Spa-like bathroom designs for superior bath experience

A spa-like guestroom bath at the Hotel Monaco Pittsburgh.
A spa-like guestroom bath at the Hotel Monaco Pittsburgh.

A spa-like guestroom bath at the Hotel Monaco Pittsburgh.

If the hotel guest bathroom experience has become noticeably more spa-like, well, there’s a reason for that: it should be. Hotels, independents and brands alike, are giving designers the latitude to create spa experiences in the guestroom bath. Beatrice Girelli of Los Angeles-based Indidesign is one. She has designed high-end bathrooms for such hotels as the Grand Hyatt San Francisco and the Hokulani Waikiki. She feels that a spa bathroom goes beyond the standard functionality of a traditional bathroom. “It becomes a retreat and a sanctuary within a private residence or a hotel guestroom,” she said. “The attention to detail, the added features, the general atmosphere achieved through the use of fixtures, plumbing selections, finishes and lighting delivers a superior experience.”

The relationship between the bedroom and bathroom space is also changing, particularly in new-build hotels, and bathrooms are becoming larger to meet the expectations of more sophisticated travelers.

“Additional pieces of furniture—a chair, bench or large ottoman, for example—are great complements to emphasize the retreat experience and deliver the residential personalized feel that we strive for,” Girelli said. “A ‘wow’ feature—such as a fireplace or an exterior shower, and a view to connect with the exterior—make the space special and unique.”

Christian Schnyder, principal at Beleco Design, also based in Los Angeles, echoes much of the same as Girelli. He has designed bathrooms for several hotels, including the Hotel Monaco Pittsburgh (opening later this year) and a new Kimpton hotel project in Chicago, set to open in winter 2015. He points to two elements that distinguish a spa bath from a standard room. “One is, obviously, the size and fixture count; and the other would be the experience,” he said.

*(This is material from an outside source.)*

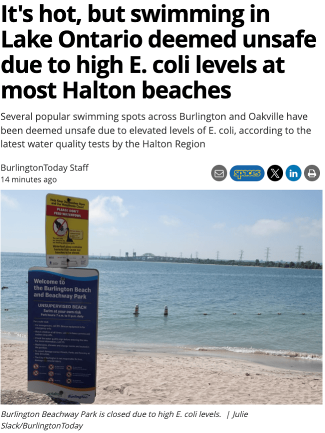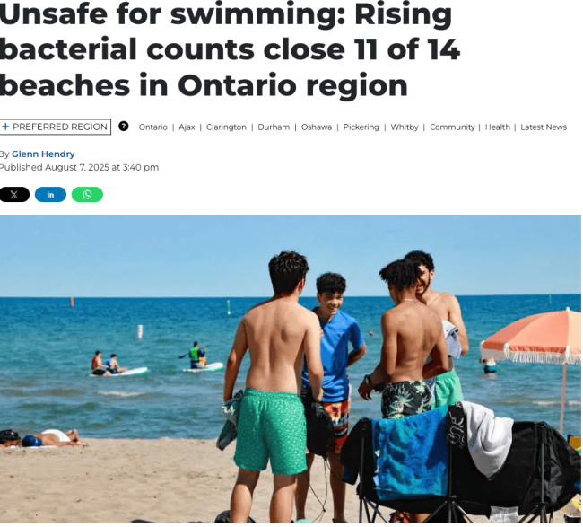 多伦多发出夏日高温警告,但由于每周检测中发现大肠杆菌数量升高,杜林区内14个公共湖滩中,除三个外,其余海滩本周末均已关闭。本周检测结果显示,鲍曼维尔西湖滩是安大略湖上唯一获得合格评级的海滩。另外两个被宣布可以安全游泳的湖滩是比弗顿南海滩和锡姆科湖上的索拉百年公园。由于大肠杆菌数量上升或已达到危险水平,奥沙华的Lakeview Beach东滩和西滩、皮克林的Frenchman’s Bay东滩和西滩、惠特比的Whitby Beach和Iroquois Beach均被判定为不适合游泳。荷顿区也发出同样的警告,Beachway Park、Brant Street Beach以及奥克维尔的多个湖滩也被认定为不适合游泳。8月6日完成的每周例行维护显示,这些湖滩的细菌含量均不安全。在大肠杆菌含量超过卫生部指导标准的水域游泳会增加患病或感染的风险。卫生部门对公共海滩进行监控,以保护游泳者免受疾病侵害。在细菌含量较高的水中游泳可能会感染眼睛、耳朵、鼻子和喉咙,如果吞咽则会引起胃部问题。
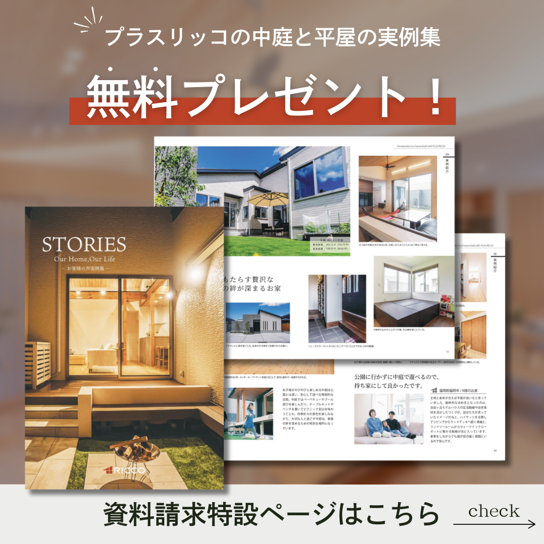理想の平屋づくりを、プラスリッコがお手伝いいたします。家族が笑顔で暮らせる、開放的で快適な住まいを一緒に実現しましょう。

Separating the shower and the tub, Schnyder said, is a key element of a spa bathroom. “The toilet should be separated from the rest of the bathroom, at least by a privacy wall, making sure it is out of sight,” he said. “A larger vanity counter adds to the sense of a special experience.”

Lighting and finishes are also crucial. “Having a sculptural soaking tub, ideally free standing, offers both relaxation and a focal point for the bathroom,” Schnyder said. “That alone will give the guests a sense that they are staying in a special room, regardless if they are using the tub or not. We usually integrate the tub in the shower area, which allows us to eliminate the overflow as it drains into the floor drain. The tub truly becomes a soaker as it can be filled up to the rim if desired.”

Lighting: The key to a spa bathroom

At Brian G. Thornton Designs, Principal Brian Thornton likes to make a spa bathroom distinct, with “accoutrements and accessories” that elevate the experience. “Maybe the water is delivered via an extra-special vessel or fixture,” he said.

Indidesign’s work at the Grand Hyatt San Francisco.

Indidesign’s work at the Grand Hyatt San Francisco.

Thornton has employed other techniques, such as chromatherapy, a method of using colored lights to create a soothing effect.

“When I design for a specific client, I immediately look at the lighting conditions,” Thornton said. “Natural light versus artificial light is key to color and material direction. The layout should not be conducive to one user, but multiple users. When space is at a premium, then organizing the shower/bath is primary, as it is the largest fixture in the space. Its access, views in and out are critical; the vanity should include ample storage, and support a surface at a comfortable height for the face bowl.”

Lighting angles are also of importance. “The lighting needs to be from above and from the sides for critical tasks like applying makeup,” he said. “The toilet, whether compartmentalized or not, should be of a comfortable seating height and ample lighting for cleaning in and around the bowl.”

Thornton’s team is finding that luxury showers are replacing standard tubs in most hotel projects. “Framed and frameless glass doors are de rigueur,” he said. “Alternatively, where tubs are retained, the shower curtain is coming down and replaced with a tub shield—a hinged-glass wing that allows the water to be contained without the full-width bypassing doors.”